Мамина любовь

Александр Щербаков 5
Психологи говорят, что если ребенок с детства окружен любовью близких, он не может вырасти черствым человеком, и уж тем более негодяем.  А сейчас советует беременным женщинам стараться не расстраиваться, думать о позитивном, слушать красивую музыку, читать вслух хорошие добрые книги. Якобы ребенок в утробе матери все это воспринимает, и родится уже с добрым отношением к окружающему миру. На счет второго не знаю, а вот что материнская любовь ведет человека по жизни, верно. Многие факты свидетельствуют об этом. Все серийный убийцы и маньяки вышли из неблагополучных семей, без материнской любви с малых лет.

Мне повезло с мамой. Хотя правильнее сказать, с родителями,  с бабушками и дедушкой. Второй дедушка умер еще до моего появления на свет. Конечно, я был окружен вниманием не только моих близких, но и наших соседей по квартире в далеком поселке на севере Хабаровского края.  Родился я по весу недоношенным, всего 2200 грамм, и было опасение, что я не выживу. После родов плохо чувствовала себя и мама, но поселковый доктор Нечаев спас и мать, и ребенка, за что ему признательность на все времена от нашей семьи.

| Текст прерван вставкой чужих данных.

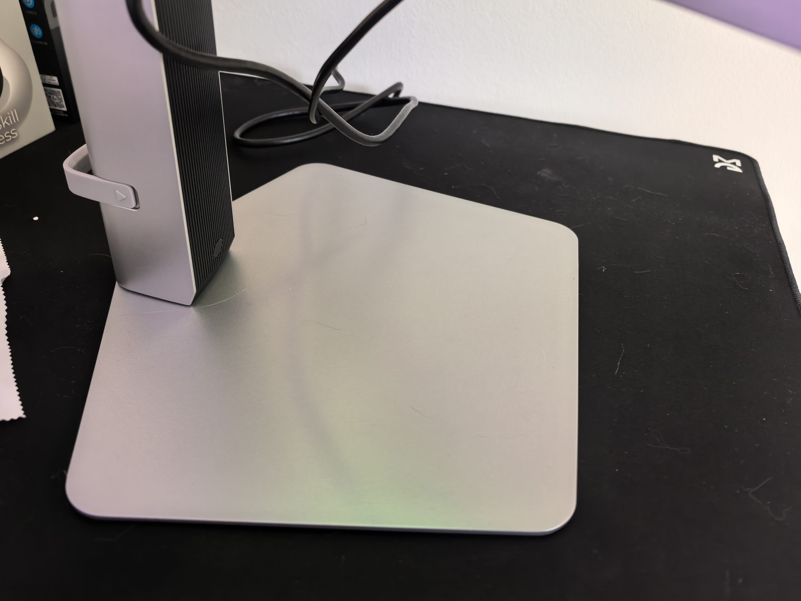 Stalak je iznenađujuće kompaktan za stabilnost koju pruža. Budući da nemam ogroman stol, sviđa mi se što na njega mogu staviti svoj kontroler. Podesivost monitora je savršena. Možete mu mijenjati visinu, možete ga rotirati sve do portretnog načina rada, a možete ga i naginjati. Za mene je visina najvažnija jer je prostor ispod monitora jako popularan kod mojih mačaka.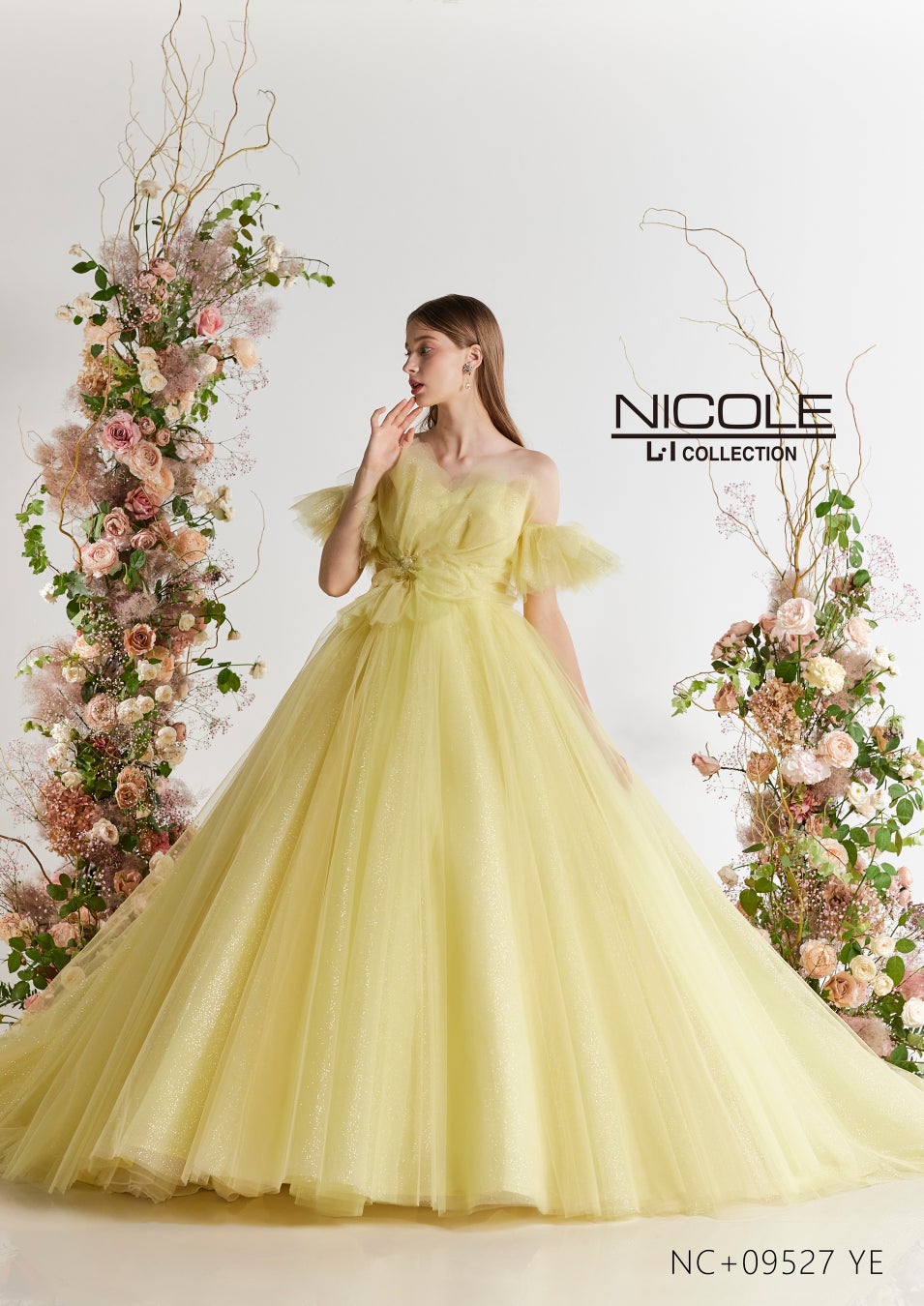 レモンイエローと少しくすみのあるハニーイエローをミックス。身頃の花びらとフリルショルダーで華やかさをプラスしたフォトジェニックな1着です。

Было послевоенное время, вся страна жила в тяжелых условиях. Не лучше они были в отдаленных местах, куда многие продукты питания доставлялись лишь в летнюю навигацию.  Но огороды, лес и рыба в реке помогали людям выживать.  Так как я родился в начале лета, а мои родители были учителями, у которых отпуска тоже летом, то первые месяцы я был целиком под заботой моих родителей и соседки, тети Аги, как я привык её называть с первых лет жизни.  Но начинался новый учебный год, и родителям предстояла работа. С кем оставлять малыша? Выручила бабушка, мама моего отца, которая приехала из города Николаевска-на-Амуре, где жила в семье старшей дочери. Уже очень старенькая, полная, с платком на голове, она присматривала за мной, а мама прибегала с уроков, чтобы покормить меня грудью. Благо наш дом был рядом со школой, требовалось не больше пяти минут, чтобы дойти до него.  Завуч так поставил уроки немецкого языка, который преподавала мама, чтобы у неё была возможность сходить и покормить ребенка.

Еще до моего рождения в семье соседей произошла трагедия. Мужа соседки, Кокорина Иннокентия Семеновича, работавшего кассиром по приемке золота на прииске, необоснованно обвинили в краже золота, и на открытом судебном заседании дали 30 лет лагерей.  Сразу скажу, что после смерти Сталина его реабилитировали и освободили, но прошло долгих шесть лет, пока он был в заключении. Этот эпизод повлиял и на мою маму, она очень тепло относилась к соседям, которые приняли её как родную 4 года назад, когда мама со своим первым мужем, офицером, приехали в Херпучи.  Видимо, поэтому я и  родился преждевременно.

Несколько слов о первом мамином муже. Мама была очень красивой девушкой, с тонкими чертами лица, черноволосая, с карими глазами. На неё обращали внимание многие, еще в годы учебы в старших классах Веселогорской средней школы к ней приставал с ухаживаниями учитель. В Хабаровске во время учебы в педагогическом институте  мама вышла замуж за офицера из НКВД, с которым и приехала в наш поселок. Рядом с ним был лагерь заключенных, которые заготовляли дрова для очень прожорливой электростанции, благодаря вырабатываемой ей электричеству работали  драги прииска. Вот в охране лагеря и работал первый мамин муж. Почему они разошлись, никто уже не скажет. Я сам узнал о существовании первого мужа у мамы два года назад.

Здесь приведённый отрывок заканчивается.